10-25-2013 07:13 AM
We had an issue last night where our web service became completely unresponsive behind our ADX 1000. There seems to be an issue with the clock on the system? The logs repeatedly showed
Oct 24 00:10:17 Boyd-ADX, L4 TCP SYN limits 262143 reached
with the time never changing. We manually set the clock to try and see if that fixed it, but it still ended up with the wrong time and the time never increased after that. After a reboot, the box seems to be stabilized and working, but we're concerned about this happening again. Has anybody seen this and been able to resolve it? We do use NTP in our network, so that should have corrected the time issue. Any thoughts are appreciated.
10-25-2013 10:00 AM
Definitely open a ticket on that, support should be able to help guide you to the root cause. Given the limited info, it looks like your session table was full, this could be due to a DDoS attack, heavy traffic, or other issues.

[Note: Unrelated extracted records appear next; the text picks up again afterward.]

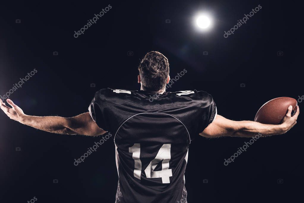 - Задний вид американского футболиста с мячом глядя вверх с протянутыми руками под прожектором на черном
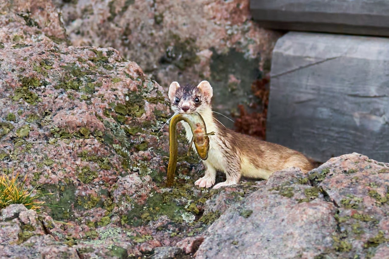 В Териберке фотографу Дмитрию Бабенко удалось запечатлеть редкий кадр – горностая с добычей в зубах. Маленький охотник явно остался доволен результатом рыбалки
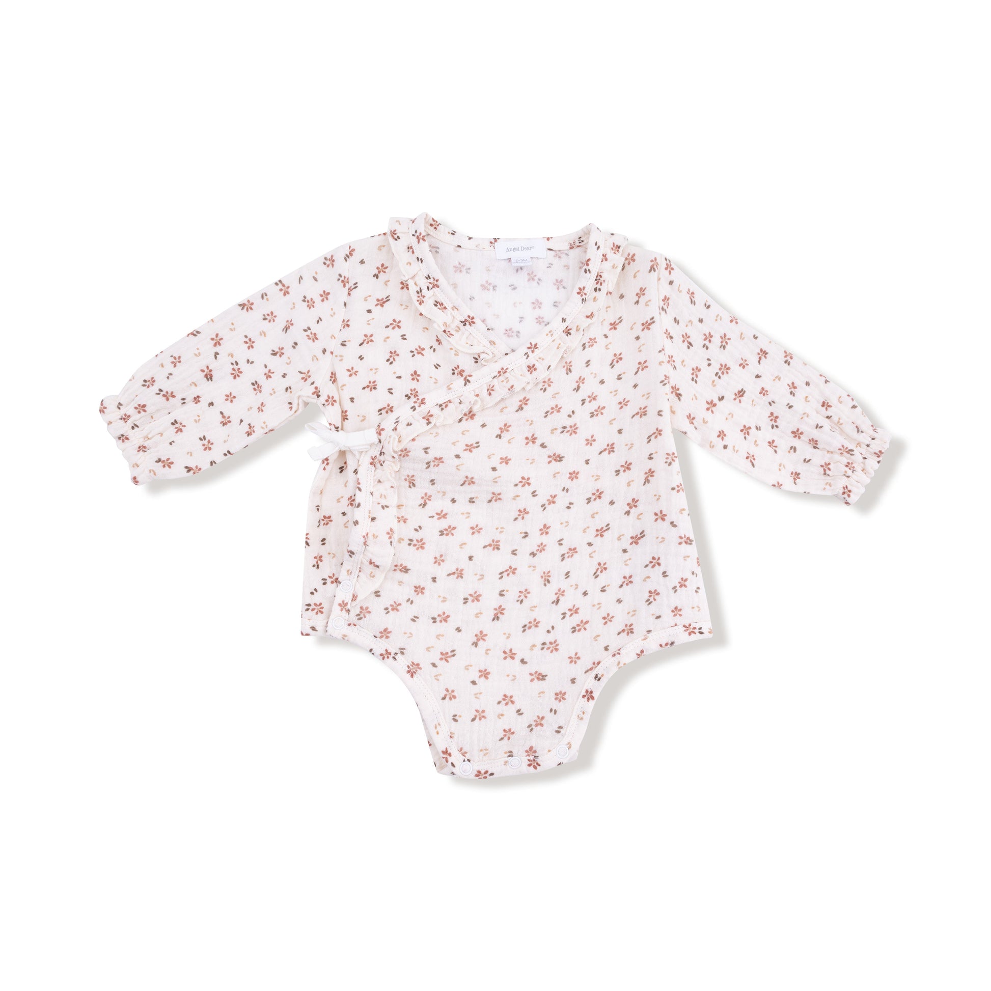 Wrap your little one in gentle comfort and timeless charm with our Long Sleeve Kimono Bodysuit. Made from breathable organic cotton muslin, this bodysuit features delicate ruffles and stretchy elastic cuffs for a cozy fit that moves with baby. Perfect for layering or wearing alone on crisp fall and winter days.
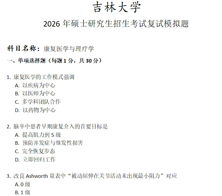 吉林大学康复医学与理疗学考研复试真题模拟含答案
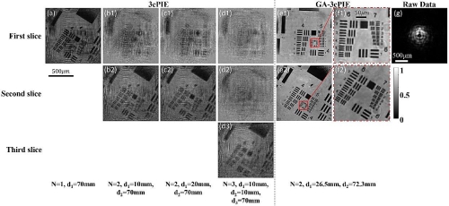 在第三篇题为“Three-dimensional space optimization for near-field ptychography”的文章中,实现了近场叠层成像术的三维空间优化。叠层成像术(Ptychography)是一种无透镜的相干衍射成像技术,拥有大视场、高分辨和定量相位的优势。通过记录多幅交叠的衍射图像,利用交叠区域的数据冗余和先进的相位恢复算法,能恢复出物体的透射率函数分布、分解相干态以及校准系统误差。这一无透镜的成像方法已经成功应用于可见光、电子波段和X射线波段。然而,叠层成像术在实际应用过程中依然存在一些限制,比如在针对三维厚样品成像时,其厚度是未知的,传统成像方法是尽可能减小对样品每一层的成像厚度,这就增加了成像的层数,而且该方法只适用于连续样品,对于离散的有着非均匀空间分布的样品则可能会出现伪影,额外的空白层也会降低图像质量。

Best bet is support though.
10-26-2013 06:41 AM
Found the solution (or rather the problem). It was a bug in the code we run 12.3.01d that makes the ADX clock lock up after either 620 days, or the TCP SYN number of 262143 is reached. The syslog revealed that by having the frozen clock, and the only solution is a reload. The bug is fixed in code 12.3.01f, but since we're probably going to decommission this box anyway, we're not really looking to do any upgrades. Just FYI for anybody in the future.